* [DIRECTIONS FOR THIS TASK] Please take the records that follow and repeat exactly the lines starting with the line with "根據漸開線的(de)展成原理" and going on through the line with "영등포소방서는 3과 1단(진압대․구조대)".

* [DATA FOR THIS TASK]
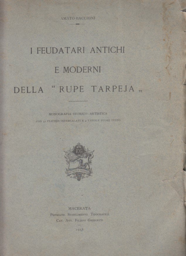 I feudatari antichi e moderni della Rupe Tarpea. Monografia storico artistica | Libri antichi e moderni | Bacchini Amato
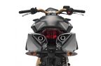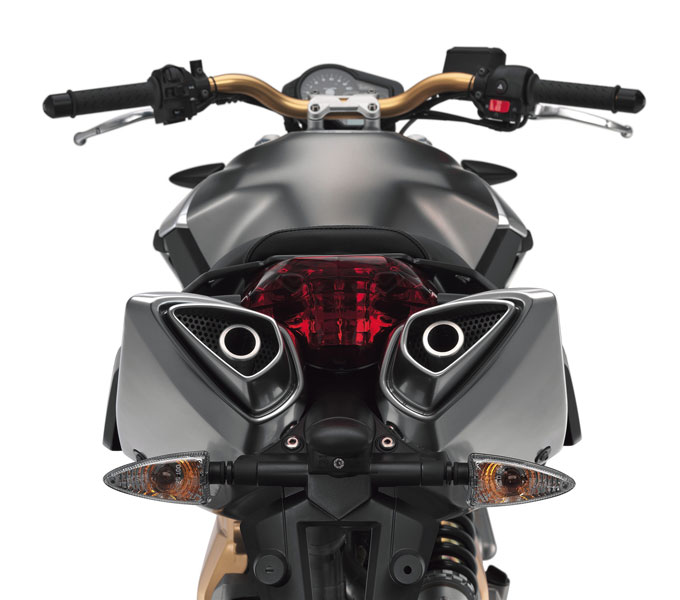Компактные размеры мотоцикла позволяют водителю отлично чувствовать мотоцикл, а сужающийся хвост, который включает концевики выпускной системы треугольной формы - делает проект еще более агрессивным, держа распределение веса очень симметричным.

==

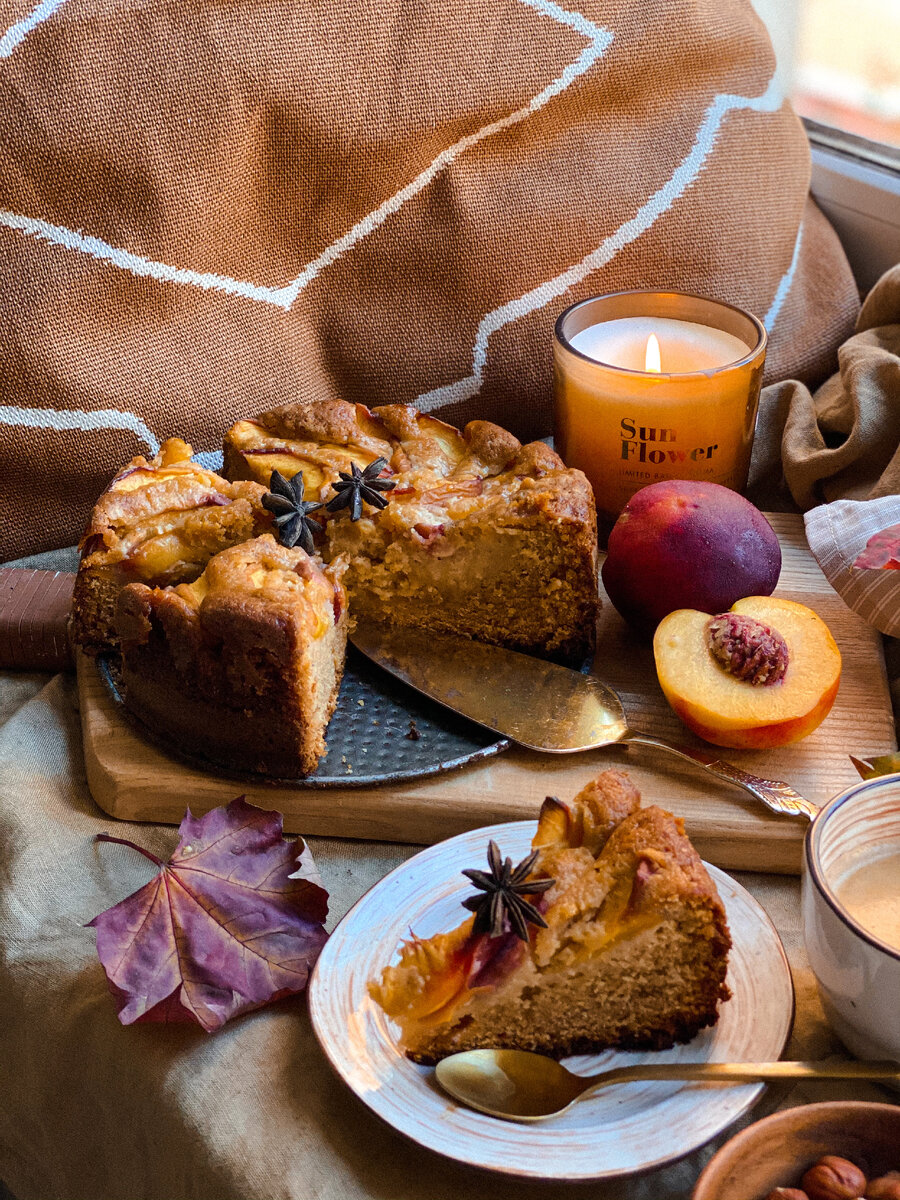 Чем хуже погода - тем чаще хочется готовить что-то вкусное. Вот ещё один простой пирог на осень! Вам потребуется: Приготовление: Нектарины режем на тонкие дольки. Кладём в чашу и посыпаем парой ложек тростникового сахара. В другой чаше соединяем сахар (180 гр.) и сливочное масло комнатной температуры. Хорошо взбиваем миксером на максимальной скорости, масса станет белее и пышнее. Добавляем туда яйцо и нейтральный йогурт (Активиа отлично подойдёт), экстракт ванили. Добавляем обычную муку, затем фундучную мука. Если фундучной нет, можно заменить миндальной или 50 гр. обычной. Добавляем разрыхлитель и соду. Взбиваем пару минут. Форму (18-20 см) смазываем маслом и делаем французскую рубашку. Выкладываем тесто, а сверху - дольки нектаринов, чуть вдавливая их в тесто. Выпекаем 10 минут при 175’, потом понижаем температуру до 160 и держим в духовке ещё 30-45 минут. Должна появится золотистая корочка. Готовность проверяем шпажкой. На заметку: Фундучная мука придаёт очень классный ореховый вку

---

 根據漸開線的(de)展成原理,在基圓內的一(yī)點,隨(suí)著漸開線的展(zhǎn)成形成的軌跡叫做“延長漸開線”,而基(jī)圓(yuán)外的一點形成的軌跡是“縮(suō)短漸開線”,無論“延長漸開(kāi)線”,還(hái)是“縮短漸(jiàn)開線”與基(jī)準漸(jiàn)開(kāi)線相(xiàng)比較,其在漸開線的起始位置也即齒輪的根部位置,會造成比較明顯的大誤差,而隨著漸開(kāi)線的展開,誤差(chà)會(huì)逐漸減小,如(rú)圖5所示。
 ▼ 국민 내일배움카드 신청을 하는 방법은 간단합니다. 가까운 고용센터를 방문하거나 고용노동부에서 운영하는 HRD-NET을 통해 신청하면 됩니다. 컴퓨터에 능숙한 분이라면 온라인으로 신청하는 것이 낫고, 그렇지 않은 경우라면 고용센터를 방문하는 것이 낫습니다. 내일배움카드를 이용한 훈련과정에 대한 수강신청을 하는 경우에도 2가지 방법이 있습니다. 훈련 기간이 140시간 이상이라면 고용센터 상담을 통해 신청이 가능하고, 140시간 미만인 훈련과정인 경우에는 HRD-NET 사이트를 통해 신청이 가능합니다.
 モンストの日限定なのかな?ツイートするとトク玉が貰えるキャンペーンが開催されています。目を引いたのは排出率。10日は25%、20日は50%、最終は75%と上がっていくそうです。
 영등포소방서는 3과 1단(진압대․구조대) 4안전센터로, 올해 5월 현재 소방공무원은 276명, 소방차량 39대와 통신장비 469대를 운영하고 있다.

* [EXERCISE RESPONSE]
 根據漸開線的(de)展成原理,在基圓內的一(yī)點,隨(suí)著漸開線的展(zhǎn)成形成的軌跡叫做“延長漸開線”,而基(jī)圓(yuán)外的一點形成的軌跡是“縮(suō)短漸開線”,無論“延長漸開(kāi)線”,還(hái)是“縮短漸(jiàn)開線”與基(jī)準漸(jiàn)開(kāi)線相(xiàng)比較,其在漸開線的起始位置也即齒輪的根部位置,會造成比較明顯的大誤差,而隨著漸開(kāi)線的展開,誤差(chà)會(huì)逐漸減小,如(rú)圖5所示。
 ▼ 국민 내일배움카드 신청을 하는 방법은 간단합니다. 가까운 고용센터를 방문하거나 고용노동부에서 운영하는 HRD-NET을 통해 신청하면 됩니다. 컴퓨터에 능숙한 분이라면 온라인으로 신청하는 것이 낫고, 그렇지 않은 경우라면 고용센터를 방문하는 것이 낫습니다. 내일배움카드를 이용한 훈련과정에 대한 수강신청을 하는 경우에도 2가지 방법이 있습니다. 훈련 기간이 140시간 이상이라면 고용센터 상담을 통해 신청이 가능하고, 140시간 미만인 훈련과정인 경우에는 HRD-NET 사이트를 통해 신청이 가능합니다.
 モンストの日限定なのかな?ツイートするとトク玉が貰えるキャンペーンが開催されています。目を引いたのは排出率。10日は25%、20日は50%、最終は75%と上がっていくそうです。
 영등포소방서는 3과 1단(진압대․구조대) 4안전센터로, 올해 5월 현재 소방공무원은 276명, 소방차량 39대와 통신장비 469대를 운영하고 있다.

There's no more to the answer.